▶ _EXERCISE PROMPT_:
Set down the data below word for word, and leave the images aside.

▶ _COLLECTED DATA_:

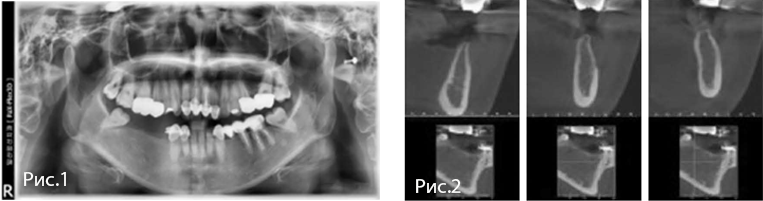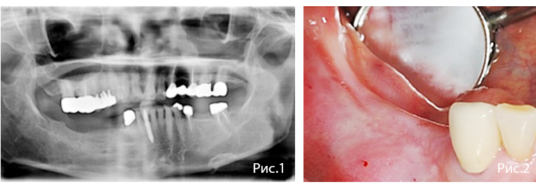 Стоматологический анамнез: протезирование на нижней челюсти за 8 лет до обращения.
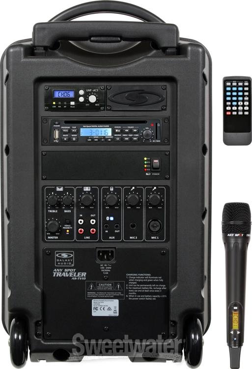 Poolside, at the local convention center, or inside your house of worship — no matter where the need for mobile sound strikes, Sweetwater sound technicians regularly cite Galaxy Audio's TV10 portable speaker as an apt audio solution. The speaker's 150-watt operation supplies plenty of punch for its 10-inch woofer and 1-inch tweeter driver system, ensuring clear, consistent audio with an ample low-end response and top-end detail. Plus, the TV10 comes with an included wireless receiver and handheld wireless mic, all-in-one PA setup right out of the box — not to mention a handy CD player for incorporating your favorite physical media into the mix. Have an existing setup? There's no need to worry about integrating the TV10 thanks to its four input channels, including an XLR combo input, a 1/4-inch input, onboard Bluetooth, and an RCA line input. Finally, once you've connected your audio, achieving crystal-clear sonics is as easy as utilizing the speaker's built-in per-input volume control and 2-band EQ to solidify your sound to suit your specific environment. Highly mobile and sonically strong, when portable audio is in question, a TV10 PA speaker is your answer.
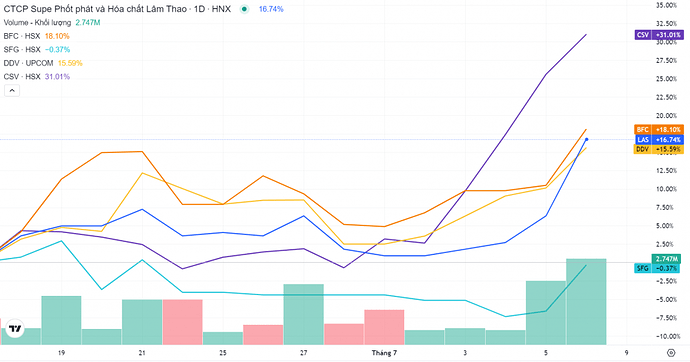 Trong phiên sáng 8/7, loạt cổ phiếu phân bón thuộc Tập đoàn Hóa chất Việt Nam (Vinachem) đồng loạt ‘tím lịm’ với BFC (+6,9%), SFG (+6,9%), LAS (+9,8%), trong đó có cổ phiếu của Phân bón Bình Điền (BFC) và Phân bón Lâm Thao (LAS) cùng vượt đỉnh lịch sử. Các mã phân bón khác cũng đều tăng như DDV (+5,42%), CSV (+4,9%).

▶ _COMPLETED TASK_:
 Стоматологический анамнез: протезирование на нижней челюсти за 8 лет до обращения.
 Poolside, at the local convention center, or inside your house of worship — no matter where the need for mobile sound strikes, Sweetwater sound technicians regularly cite Galaxy Audio's TV10 portable speaker as an apt audio solution. The speaker's 150-watt operation supplies plenty of punch for its 10-inch woofer and 1-inch tweeter driver system, ensuring clear, consistent audio with an ample low-end response and top-end detail. Plus, the TV10 comes with an included wireless receiver and handheld wireless mic, all-in-one PA setup right out of the box — not to mention a handy CD player for incorporating your favorite physical media into the mix. Have an existing setup? There's no need to worry about integrating the TV10 thanks to its four input channels, including an XLR combo input, a 1/4-inch input, onboard Bluetooth, and an RCA line input. Finally, once you've connected your audio, achieving crystal-clear sonics is as easy as utilizing the speaker's built-in per-input volume control and 2-band EQ to solidify your sound to suit your specific environment. Highly mobile and sonically strong, when portable audio is in question, a TV10 PA speaker is your answer.
 Trong phiên sáng 8/7, loạt cổ phiếu phân bón thuộc Tập đoàn Hóa chất Việt Nam (Vinachem) đồng loạt ‘tím lịm’ với BFC (+6,9%), SFG (+6,9%), LAS (+9,8%), trong đó có cổ phiếu của Phân bón Bình Điền (BFC) và Phân bón Lâm Thao (LAS) cùng vượt đỉnh lịch sử. Các mã phân bón khác cũng đều tăng như DDV (+5,42%), CSV (+4,9%).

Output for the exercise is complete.